__PROBLEM DESCRIPTION__: With the pictures excluded, reproduce all of the data exactly.

__DATASET EXCERPT__:
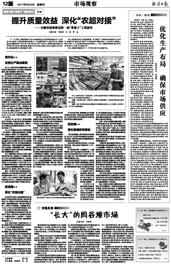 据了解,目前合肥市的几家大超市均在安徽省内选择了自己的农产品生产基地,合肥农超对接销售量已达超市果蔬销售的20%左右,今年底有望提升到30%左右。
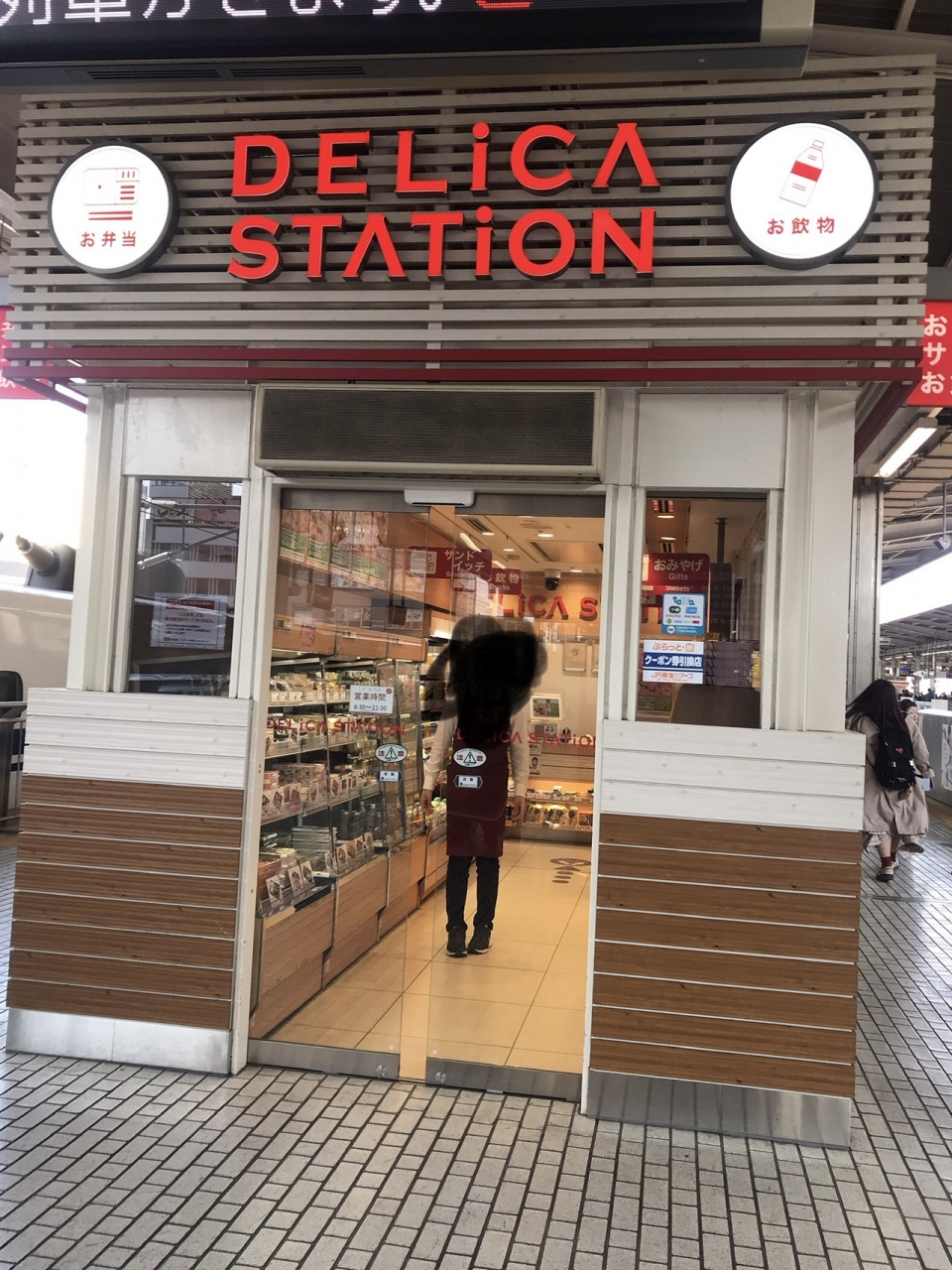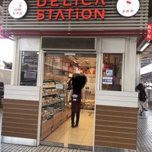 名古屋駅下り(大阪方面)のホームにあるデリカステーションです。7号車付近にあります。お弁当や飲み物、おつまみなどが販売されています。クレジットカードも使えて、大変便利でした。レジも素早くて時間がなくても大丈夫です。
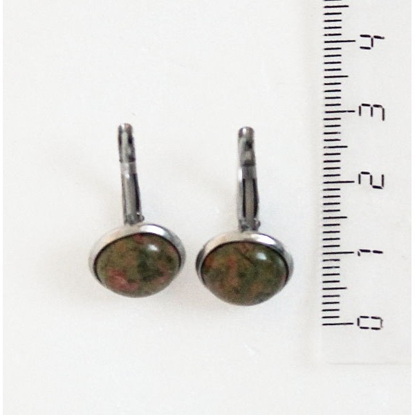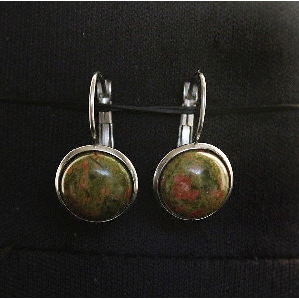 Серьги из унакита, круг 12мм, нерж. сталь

__SOLUTION BELOW__:
 据了解,目前合肥市的几家大超市均在安徽省内选择了自己的农产品生产基地,合肥农超对接销售量已达超市果蔬销售的20%左右,今年底有望提升到30%左右。
 名古屋駅下り(大阪方面)のホームにあるデリカステーションです。7号車付近にあります。お弁当や飲み物、おつまみなどが販売されています。クレジットカードも使えて、大変便利でした。レジも素早くて時間がなくても大丈夫です。
 Серьги из унакита, круг 12мм, нерж. сталь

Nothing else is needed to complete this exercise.